■ **WHAT IS NEEDED**:
All of the data should be reproduced word for word, though its pictures must be omitted.

■ **DATA PROVIDED**:
BEGIN

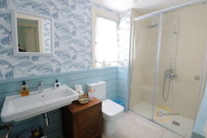 All rooms are equipped with air conditioning (hot and cold). On the ground floor you find the beautiful double aspect kitchen with large dining table, equipped, and with American fridge-freezer. Steps lead into the first floor hallway with spacious dual aspect salon with two balconies, as well as a cloakroom with WC, washing machine and dryer. There are a total of four bedrooms, three of which are in the main house. Additionally, you benefit from a fourth en-suite bedroom with a separate entrance on the lower level of the building. On the second floor is the large master bedroom, nicely furnished and also dual aspect with two balconies. You have a nice bathroom with double width shower. On the next floor are two more bedrooms, each with a balcony, and another very nice bathroom with large shower. The roof terrace has a large dining table, chairs and sun loungers as well as a quality barbecue. The terrace receives sun all day and you can enjoy splendid views of the sea, the south side of Peniscola and towards the coast and the mountains of the Sierra d’Irta nature reserve.
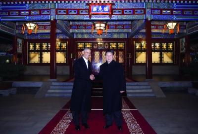 晚上的中南海,水波荡漾,树影婆娑。习近平在瀛台前迎接奥巴马,两国元首亲切握手,互致问候。习近平说,你这次访问日程很紧。我们既安排了国事访问的正式活动,也安排了一些轻松场合。希望你的访问愉快,取得丰硕成果。
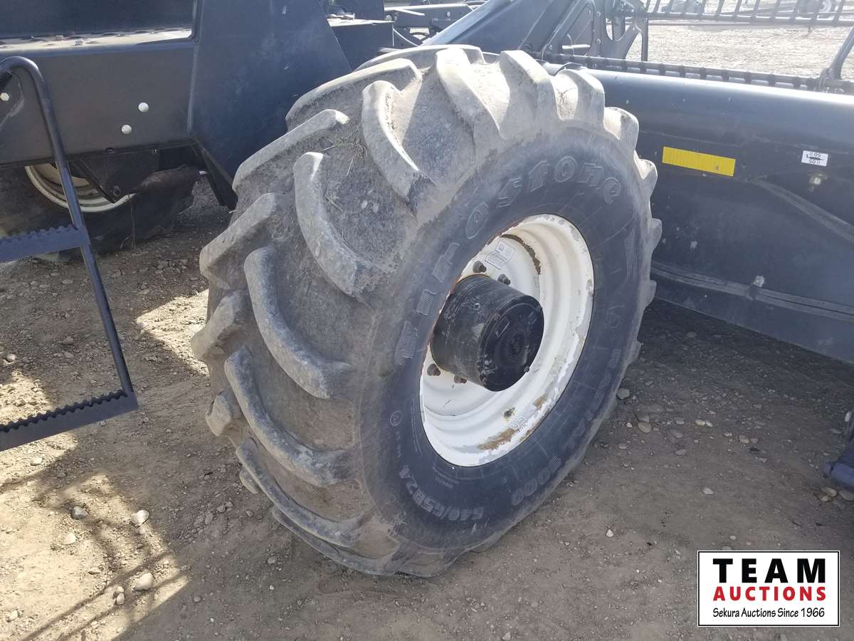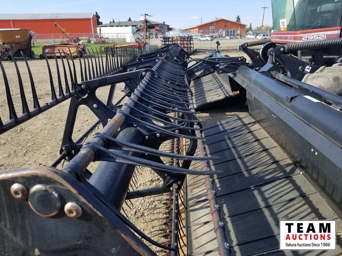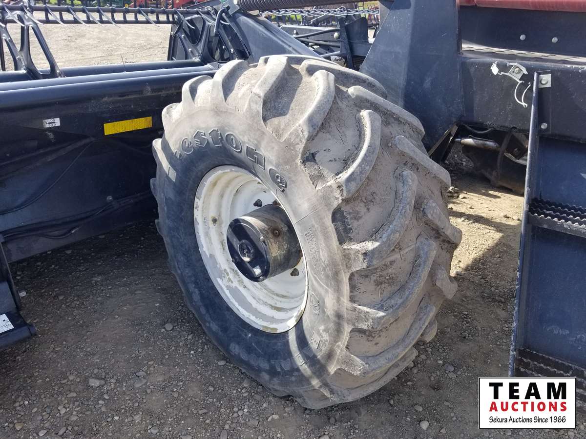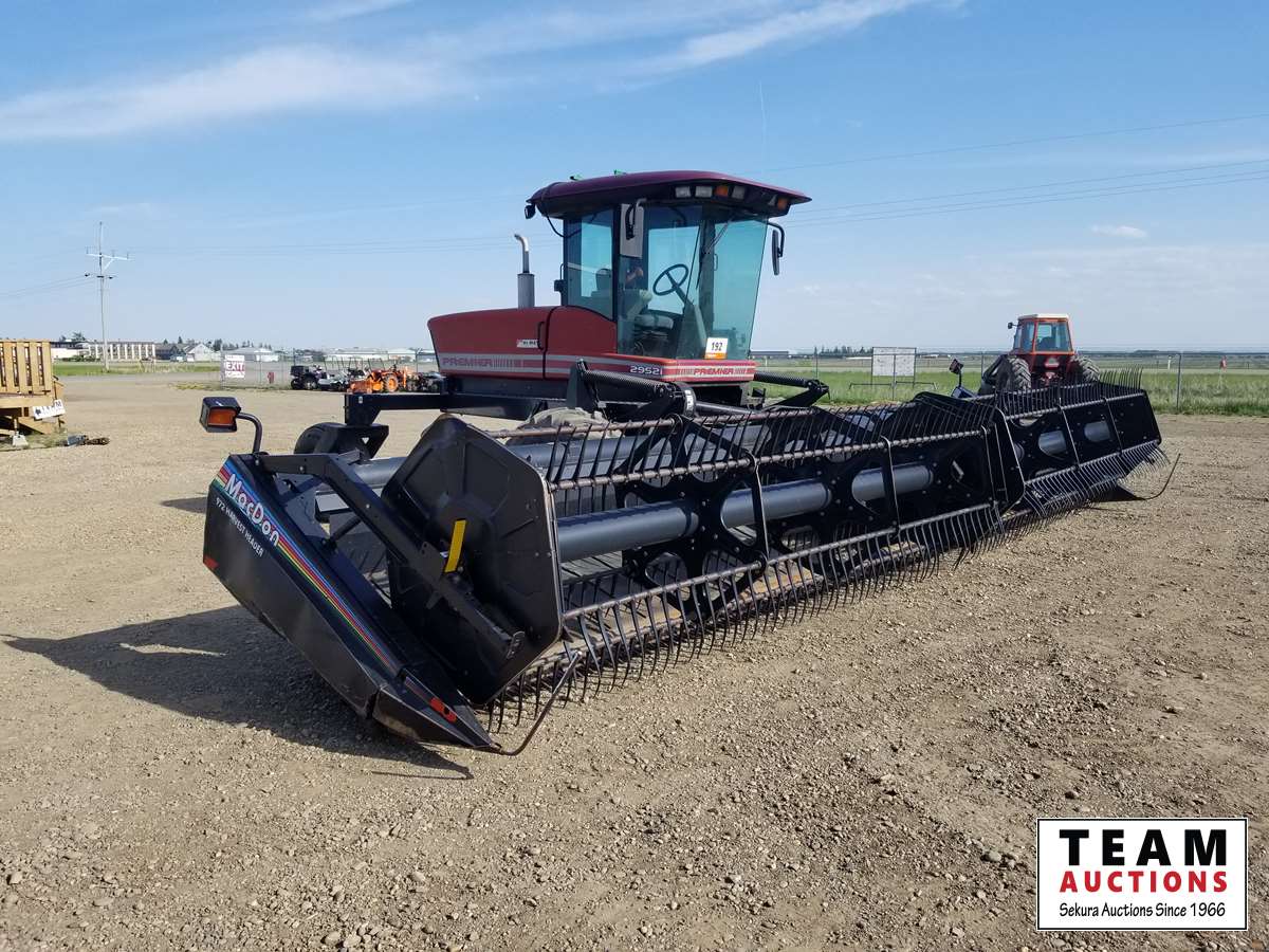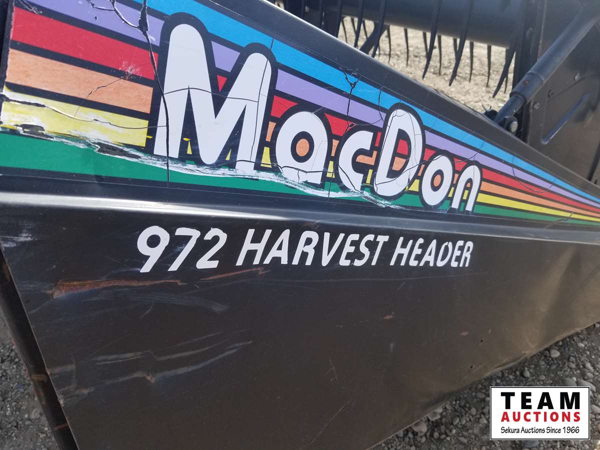 MacDon 972 header, P/U reel, split, double knife drive, trip delivery, 540/65R24 F, 16.5-16.1 R, Header hrs: 2211

END

■ **EXPECTED ANSWER**:
 All rooms are equipped with air conditioning (hot and cold). On the ground floor you find the beautiful double aspect kitchen with large dining table, equipped, and with American fridge-freezer. Steps lead into the first floor hallway with spacious dual aspect salon with two balconies, as well as a cloakroom with WC, washing machine and dryer. There are a total of four bedrooms, three of which are in the main house. Additionally, you benefit from a fourth en-suite bedroom with a separate entrance on the lower level of the building. On the second floor is the large master bedroom, nicely furnished and also dual aspect with two balconies. You have a nice bathroom with double width shower. On the next floor are two more bedrooms, each with a balcony, and another very nice bathroom with large shower. The roof terrace has a large dining table, chairs and sun loungers as well as a quality barbecue. The terrace receives sun all day and you can enjoy splendid views of the sea, the south side of Peniscola and towards the coast and the mountains of the Sierra d’Irta nature reserve.
 晚上的中南海,水波荡漾,树影婆娑。习近平在瀛台前迎接奥巴马,两国元首亲切握手,互致问候。习近平说,你这次访问日程很紧。我们既安排了国事访问的正式活动,也安排了一些轻松场合。希望你的访问愉快,取得丰硕成果。
 MacDon 972 header, P/U reel, split, double knife drive, trip delivery, 540/65R24 F, 16.5-16.1 R, Header hrs: 2211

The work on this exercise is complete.